I feel like this is an easy problem that I can't solve for some reason. Suppose I have a dataframe that lists trades between entities and I want to find the net amount for each pair. The dataframe might look like this:
sending_entity | receiving_entity | amount_traded |
---|---|---|
Tim | Bob | 100 |
Bob | Tim | 50 |
Sarah | Jane | 25 |
Jane | Sarah | 50 |
And the result I want is to know that Tim and Bob settled where Tim gave Bob a net amount of 50, and Jane gave Sarah a net amount of 25.
I thought about creating 2 sparse matrices, one for sending and one for receiving, and then subtracting the matrices. But this seems janky and would prefer a tidyverse way of doing this (or at least within the dataframe data structure), if possible.

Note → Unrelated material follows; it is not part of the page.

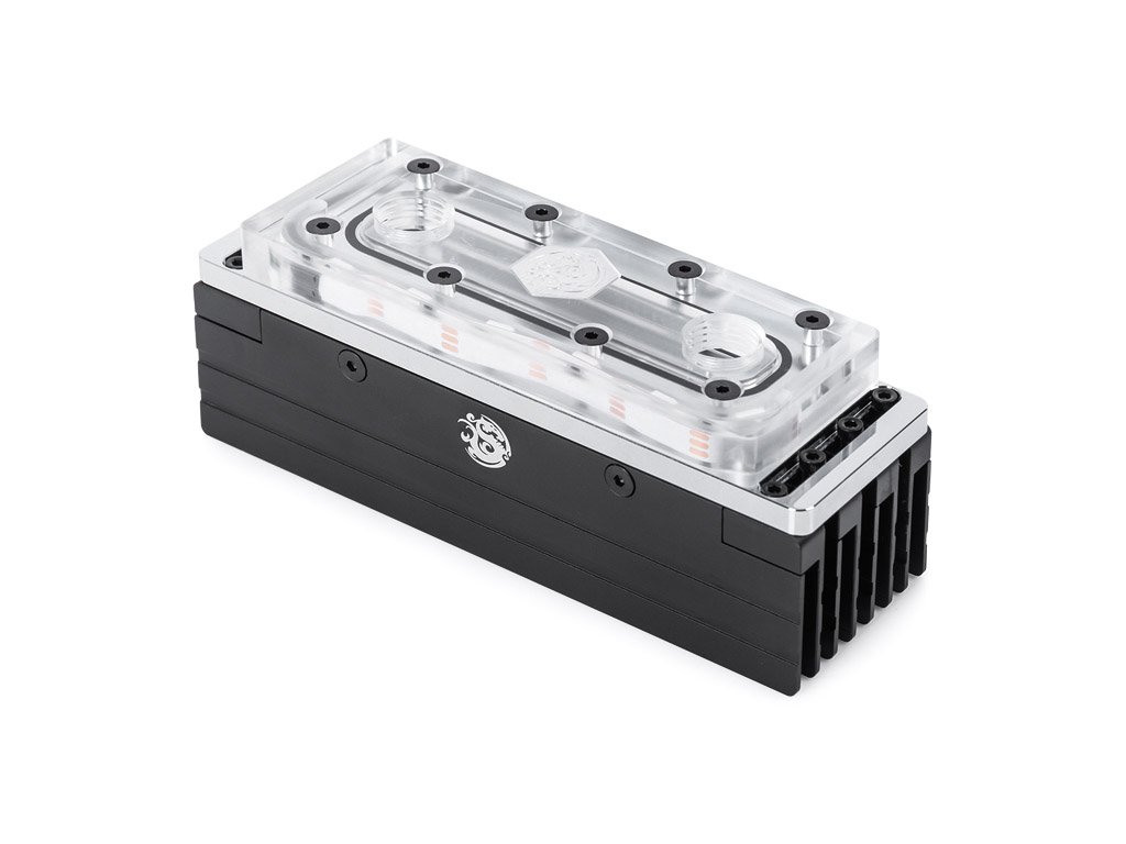 Blok DIMM je vyrobený z frézovaného akrylového skla a ponúkadve pripojenia s vnútorným závitom G1/4 palca. Spodná strana je vyrobená z poniklovanej medi, ktorá zabezpečuje dobrú tepelnú vodivosť. Stránkaintegrované osvetlenie DRGB je napájaný cez 3-pinový konektor RGB, a tak umožňuje aj synchronizáciu svetelných efektov prostredníctvom základnej dosky.

CodePudding user response:
I would create a pair column that is built so that unique pairings have the same value, then used xtabs
:
dfrm$pair <- with( dfrm, paste( ifelse(sending_entity>receiving_entity,
paste(receiving_entity,sending_entity),
paste(sending_entity, receiving_entity) ))
)
dfrm
#-------------
sending_entity receiving_entity amount_traded pair
1 Tim Bob 100 Bob Tim
2 Bob Tim 50 Bob Tim
3 Sarah Jane 25 Jane Sarah
4 Jane Sarah 50 Jane Sarah
#--------------
xtabs(amount_traded~pair, dfrm)
#--------------
pair
Bob Tim Jane Sarah
150 75
CodePudding user response:
An alternative tidyverse approach
df |>
pivot_longer(cols = sending_entity:receiving_entity, names_to = "entity", values_to = "name") |>
count(name, wt = ifelse(entity == "receiving_entity", amount_traded, -amount_traded), name = "received") |>
arrange(order(df$receiving_entity)) |>
mutate(from = df$sending_entity)
name received from
<chr> <int> <chr>
1 Bob 50 Tim
2 Tim -50 Bob
3 Jane -25 Sarah
4 Sarah 25 Jane
Using wt
in count allows us to calculate the sum/net.